Он шутил; но он верил в то, что сказал. Мир без нас, думал он, станет ярче, зеленей, обильней странными формами жизни, крысами с противопоставленным, как у людей, большим пальцем, обезьянами в очках, рыбами-мутантами, строящими дворцы на дне моря. И, по большому счету, будет лучше, если за всем этим не станут наблюдать люди. Вспомнилось молодое лицо матери, мерцающее в свете свечей, за Откровением.
– «Я видел, что жена упоена была кровью святых и кровью свидетелей Иисусовых, и видя ее, дивился удивлением великим»[8], – шепотом проговорил Лотто, и друзья, посмотрев на него, узрели ужасное и отвели глаза.
Он разбивал бедное гребаное сердечко Рэйчел. Вся семья разбивала ей ее бедное гребаное сердечко. И Мувва, которая погребла себя заживо, одинокая и несчастная. И Салли, которая, как верный пес, трудилась не покладая рук. И Лотто, чью гордыню она была не в силах понять: только ребенок может злиться так долго, только ребенок не хочет простить, чтобы все исправить. Матильда увидела, как глаза Рэйчел налились жалостью, и тихомолком качнула головой: «Не надо, увидит».
– Тридцать секунд, – сказала она.
Из компа, конечно, пел Принс.
Чарли наклонился к Данике, подставляясь под полуночный поцелуй. Вот ведь кошмарный карлик. Чем она думала прошлым летом, когда они возвращались из Хэмптона и она поддалась и позволила облапать себя в такси? Чем? Конечно, тогда у нее был простой между двумя романами, но все же…
– Даже не думай, – отрезала она, но он нес свое:
– …ты должна мне два миллиона долларов.
– С чего бы? – спросила она.
Он ухмыльнулся:
– Двадцать с чем-то секунд до девяносто девятого года. У нас пари, что они разведутся не позже девяносто восьмого.
– Да пошел ты, – сказала она.
– Долг чести, – пожал он плечами.
– До конца года еще есть время, – сказала она.

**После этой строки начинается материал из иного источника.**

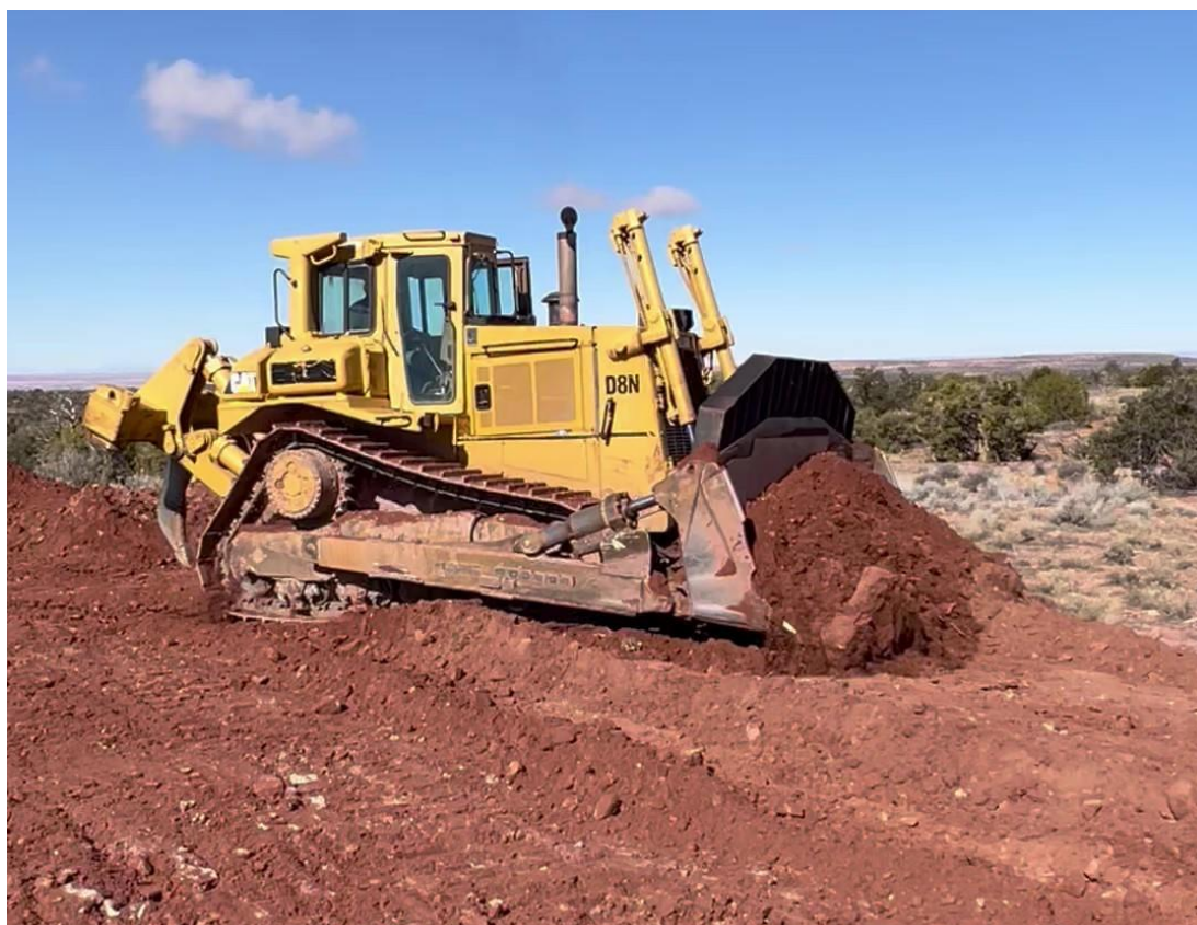
Figure 2: Picture of Commencement of Site Works at Mineral Canyon Site May 2023

Anson had previously been granted approval for its western strategy drilling at Paradox from the Utah Division of Oil, Gas and Mining (UDOGM) (ASX Announcement 25 January 2023), and advised that the requisite Reclamation Bond had been paid (ASX announcement 22 March 2023). Site works commenced at the Mineral Canyon Fed 1-3 well in the Q2 2023, (ASX Announcement May 4, 2023).
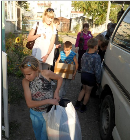
At every orphanage kids come and help carry supplies and materials for the programs we present. They are so glad to help us and we are blessed by them.
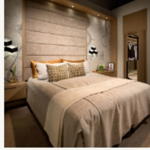
West Quay Bedroom

– Двадцать секунд! – сказала Матильда. – Прощай, 1998-й, вялый и муторный год.
– Сами по себе вещи не бывают хорошими или дурными, а только в нашей оценке[9], – изрек пьяненький Лотто.
– Ты бесконечно много болтаешь пустяков[10], – сказала Матильда.
Лотто встрепенулся, открыл было рот, но тут же закрыл его.
– Видишь? – пробормотала Даника. – Они цапаются. Если кто-то из них хлопнет дверью, я буду считать это победой.
Матильда, подхватив с подноса бокал, объявила:
– Десять, – и слизнула шампанское, которое пролила себе на руку.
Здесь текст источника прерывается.